● Activity: Print every entry exactly once more, omitting each picture.

START Record excerpts

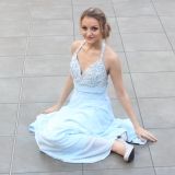 As soon as I saw this dress I just knew that I had found the perfect gown to wear to my 18th birthday party. The dress arrived today and once I had unpacked it from the box I knew that I had made the right decision, this was confirmed when I put the dress on, I was instantly transformed from a prince into a beautiful princess! If anybody out there wants to feel just like Grace Kelly in one of those old movies then I would definitely recommend this gown to them. I ordered the dress in a standard size but it fits beautifully and could have been custom fit for me, I recommend going off the sizing given rather than your regular high street size. The material is of a very high quality with a lovely weight of satin used, the embroidery is particularly pretty with just the right amount of sparkle without being too over the top. The illusion neck is super cute with a very nice shape to the lace edging and the bodice is nicely cut and padded to give curves in all the right places, I'm not wearing any padding in the photos I have attached yet as you can see it still looks like I have boobs! The buttons up the back covering the zip is a nice touch and adds a little touch of class. I ordered the dress in blushing pink as I am wearing it to a party and not as a bride and the shade is delightful, not too pale but a lovely baby pink. The craftsmanship is second to none with no problems to report and the length is a perfect ankle length on me, I'm 5'8", just right for dancing and swishing across the dancefloor. I really don't want to take the dress off and I can hardly wait for my birthday party to see the results of this dress combined with a full makeover, I've got a beautiful pair of satin heels that I'm going to get dyed to match the exact shade of pink of my dress. Now that my gown has arrived it just makes me even more excited for my party and I know that I will definitely be shopping at Millybridal many more times in the future.
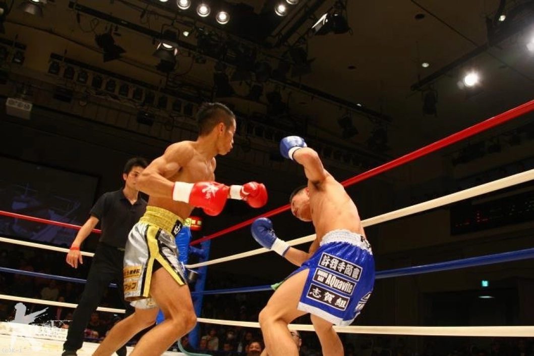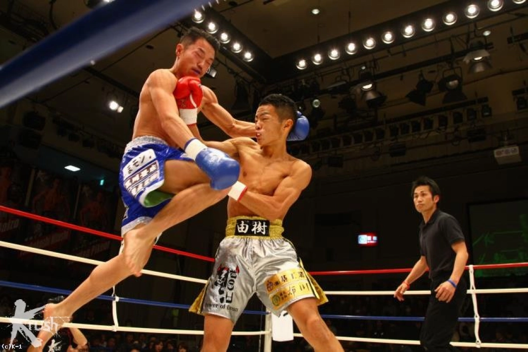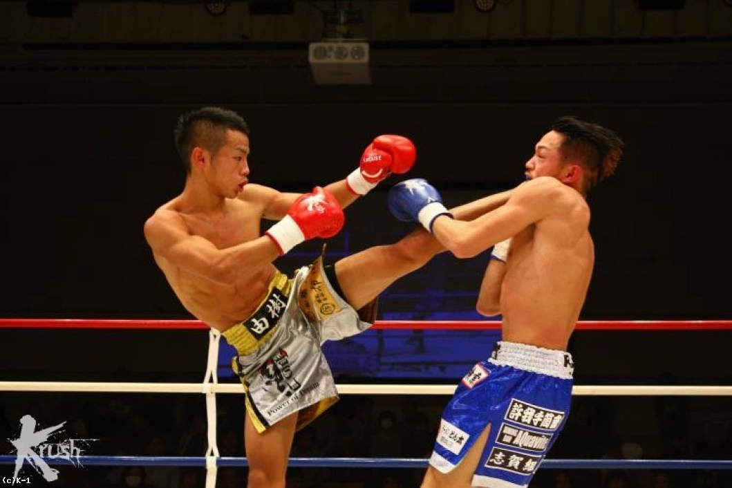だが、隆聖も押されながらもダウンを奪った跳びヒザを繰り出す。武居は左の蹴りをミドルとハイで蹴り分ける。
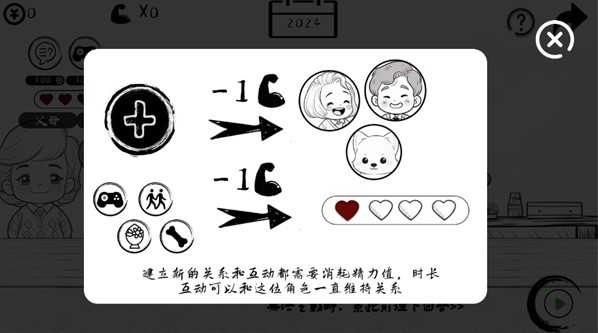 3、在推进主线的同时,你还可以与其他角色建立联系,互动过程中会消耗一定精力值,保持频繁交流有助于维持长久关系。
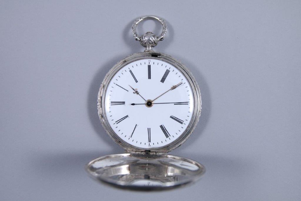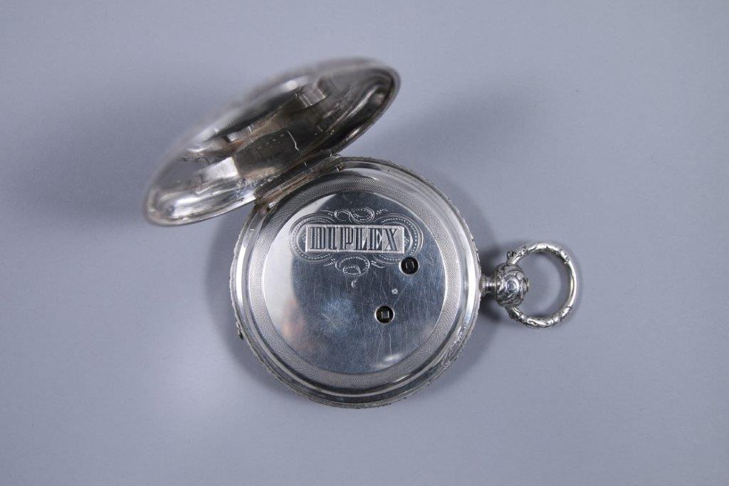 en argent de DUPLEX, Suisse, pour le marché chinois. Mouvement Duplex, échappement Jacot. Cadran émaillé blanc figurant les heures en chiffres arabes avec trotteuse, mouvement donnant l'impression de "battre la seconde".
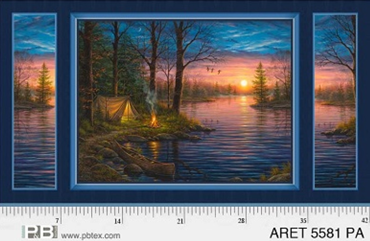 P & B Textiles - Autumn Retreat - 24" By the Lake Panel, Navy
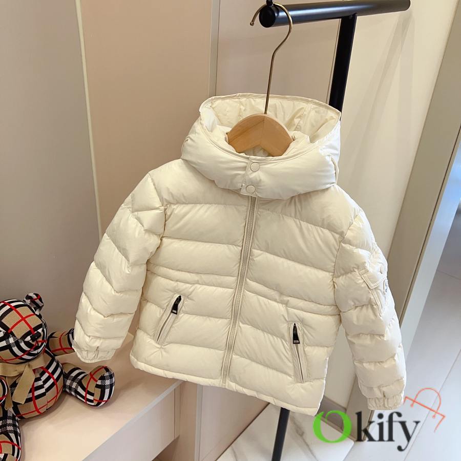 Okify Moncler White Waist Adjustable Down Jacket For Kids
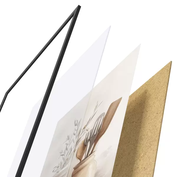 Plakat składa się z ramy, pleksi, wydrukowanego obrazu i podkładu z płyty wiórowej. Plakat można natychmiast zawiesić na ścianie dzięki uchwytom z tyłu.
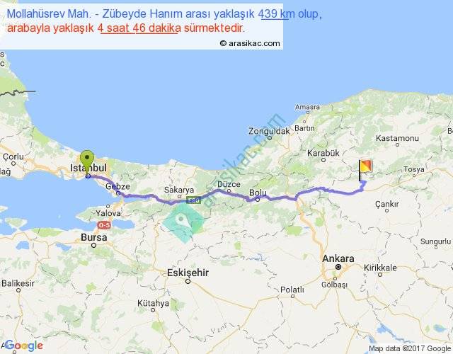 Mollahüsrev Mah. - Zübeyde Hanım arası yaklaşık olarak 90 km/h ile yukarıda belirtilen sürede olup, iki yerin kuş uçuşu uzaklığı (mesafesi) 354'dir. Eğer belirtilen yerler arasında uçak seferi var ise bu süre uçakla 32 dakika'ya kadar düşebilir. Yolculuk otobüsle 6 saat 11 dakika sürmektedir.
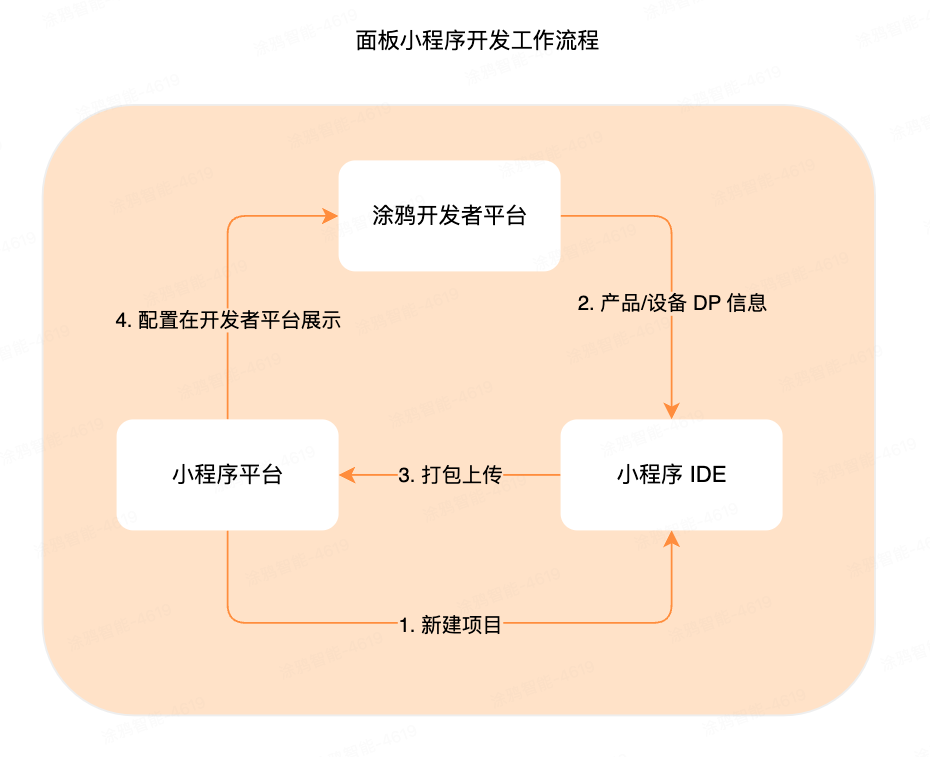 面板小程序的开发主要围绕开发者平台、小程序开发平台、小程序 IDE 之间进行,整体流程参考下图:
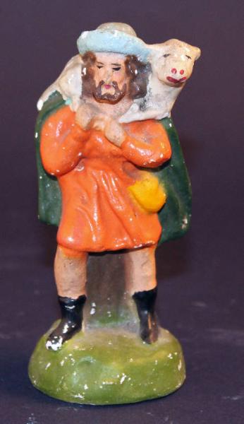 Pastore con agnello sulle spalle. La figura indossa un copricapo, un abito arancione ed un mantello verde.

END Record excerpts

● Answer section:
 As soon as I saw this dress I just knew that I had found the perfect gown to wear to my 18th birthday party. The dress arrived today and once I had unpacked it from the box I knew that I had made the right decision, this was confirmed when I put the dress on, I was instantly transformed from a prince into a beautiful princess! If anybody out there wants to feel just like Grace Kelly in one of those old movies then I would definitely recommend this gown to them. I ordered the dress in a standard size but it fits beautifully and could have been custom fit for me, I recommend going off the sizing given rather than your regular high street size. The material is of a very high quality with a lovely weight of satin used, the embroidery is particularly pretty with just the right amount of sparkle without being too over the top. The illusion neck is super cute with a very nice shape to the lace edging and the bodice is nicely cut and padded to give curves in all the right places, I'm not wearing any padding in the photos I have attached yet as you can see it still looks like I have boobs! The buttons up the back covering the zip is a nice touch and adds a little touch of class. I ordered the dress in blushing pink as I am wearing it to a party and not as a bride and the shade is delightful, not too pale but a lovely baby pink. The craftsmanship is second to none with no problems to report and the length is a perfect ankle length on me, I'm 5'8", just right for dancing and swishing across the dancefloor. I really don't want to take the dress off and I can hardly wait for my birthday party to see the results of this dress combined with a full makeover, I've got a beautiful pair of satin heels that I'm going to get dyed to match the exact shade of pink of my dress. Now that my gown has arrived it just makes me even more excited for my party and I know that I will definitely be shopping at Millybridal many more times in the future.
だが、隆聖も押されながらもダウンを奪った跳びヒザを繰り出す。武居は左の蹴りをミドルとハイで蹴り分ける。
 3、在推进主线的同时,你还可以与其他角色建立联系,互动过程中会消耗一定精力值,保持频繁交流有助于维持长久关系。
 en argent de DUPLEX, Suisse, pour le marché chinois. Mouvement Duplex, échappement Jacot. Cadran émaillé blanc figurant les heures en chiffres arabes avec trotteuse, mouvement donnant l'impression de "battre la seconde".
 P & B Textiles - Autumn Retreat - 24" By the Lake Panel, Navy
 Okify Moncler White Waist Adjustable Down Jacket For Kids
 Plakat składa się z ramy, pleksi, wydrukowanego obrazu i podkładu z płyty wiórowej. Plakat można natychmiast zawiesić na ścianie dzięki uchwytom z tyłu.
 Mollahüsrev Mah. - Zübeyde Hanım arası yaklaşık olarak 90 km/h ile yukarıda belirtilen sürede olup, iki yerin kuş uçuşu uzaklığı (mesafesi) 354'dir. Eğer belirtilen yerler arasında uçak seferi var ise bu süre uçakla 32 dakika'ya kadar düşebilir. Yolculuk otobüsle 6 saat 11 dakika sürmektedir.
 面板小程序的开发主要围绕开发者平台、小程序开发平台、小程序 IDE 之间进行,整体流程参考下图:
 Pastore con agnello sulle spalle. La figura indossa un copricapo, un abito arancione ed un mantello verde.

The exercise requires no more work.